Tranzyme Pharma Announces Top-Line Results of TZP-102 Phase 2b Trial

Tranzyme Pharma Announces Top-Line Results of TZP-102 Phase 2b Trial

      Preliminary Analysis Indicates Trial Did Not Meet Primary Endpoint

             Tranzyme to Host Conference Call Today at 8:00 am ET

RESEARCH TRIANGLE PARK, N.C., Nov. 15, 2012 (GLOBE NEWSWIRE) -- Tranzyme
Pharma (Nasdaq:TZYM), today announced top-line results of the preliminary
analysis of the first of two Phase 2b trials assessing the safety and efficacy
of its oral ghrelin agonist, TZP-102 in diabetic patients with gastroparesis.
The results, which evaluated patients who were given a single daily dose of 10
mg of TZP-102, 20 mg of TZP-102 or placebo for 12 weeks indicate the trial did
not meet its primary efficacy endpoint.

"We are understandably disappointed with the results of this trial; however,
our second Phase 2b trial known as DIGEST is ongoing.

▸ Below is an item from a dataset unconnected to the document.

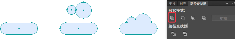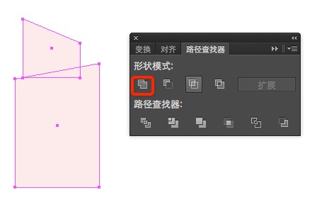 选中这2个对象,使用路径查找器的联集将它们组合成一个形状。

In DIGEST we are
evaluating a 10 mg dose of TZP-102 administered three times daily before
meals, rather than once daily as in the trial just completed. We anticipate
announcing top line results for DIGEST in the first half of 2013," said Vipin
K. Garg, PhD, President and Chief Executive Officer of Tranzyme.

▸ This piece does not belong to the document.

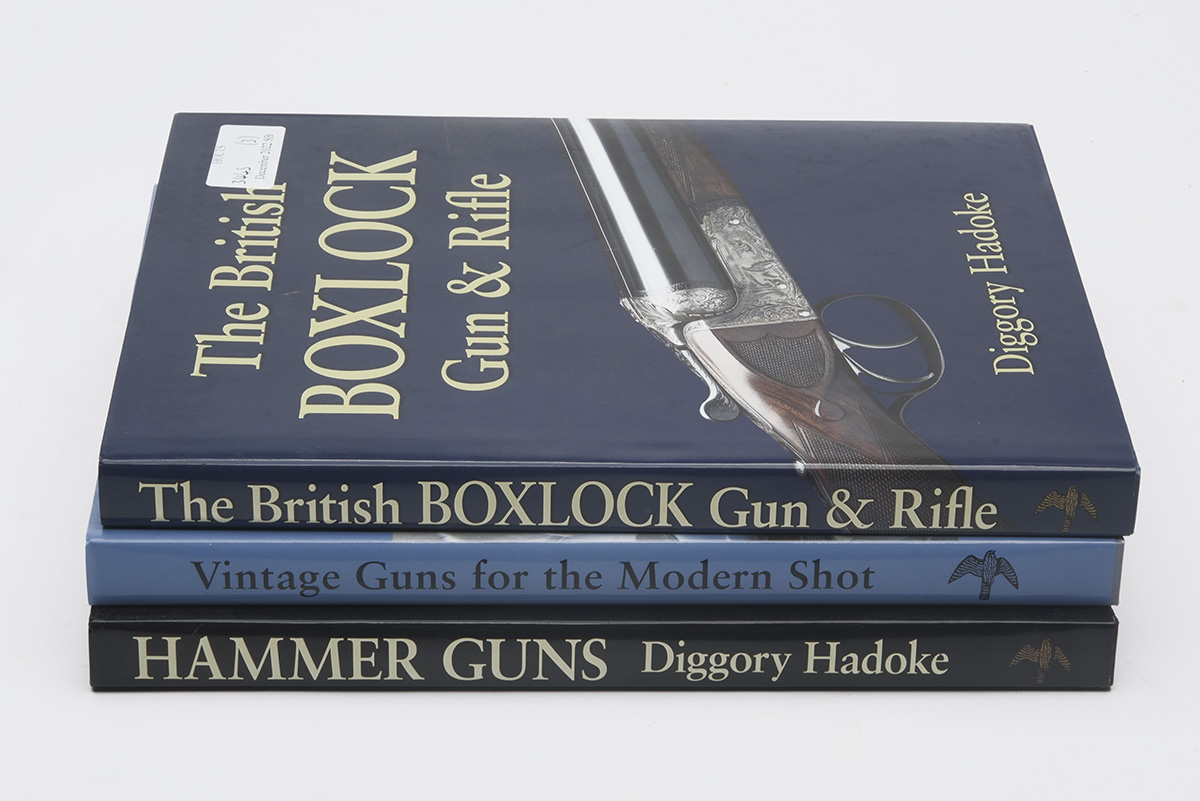 THREE SIGNED DIGGORY HADOKE BOOKS, 'The British box lock gun & rifle, Hammer guns, Vintage guns for the modern shot, These three books are all signed by the author'

The primary efficacy endpoint of the trial was the change from baseline in the
Gastroparesis Symptom Daily Diary (GSDD) composite score during the final two
weeks of a 12-week treatment period. The GSDD composite score reflects the
mean severity of the four principal symptoms of gastroparesis: nausea, early
satiety, bloating and upper abdominal pain. During the two-week pre-treatment
period, the mean baseline GSDD score across all treatment groups was 3.56.
Patients who received either placebo or once-daily dosing of TZP-102 for 12
weeks demonstrated a reduction in the severity of their symptoms, and thus a
reduction in their GSDD scores of -1.46, -1.70 and -1.43 for placebo, 10 mg of
TZP-102 and 20 mg of TZP-102, respectively. Neither the 10 mg dose group nor
the 20 mg dose group of TZP-102 reached statistical significance versus
placebo. Both doses were well-tolerated.

Conference Call Details

Tranzyme will host a conference call today at 8:00 am ET. To participate in
the live call, please dial (877) 670-9784 (U.S. and Canada) or (970) 315-0430
(international), five to ten minutes prior to the start of the call. A live
audio webcast will also be available in the "Investors" section of the
Tranzyme Pharma website, www.tranzyme.com.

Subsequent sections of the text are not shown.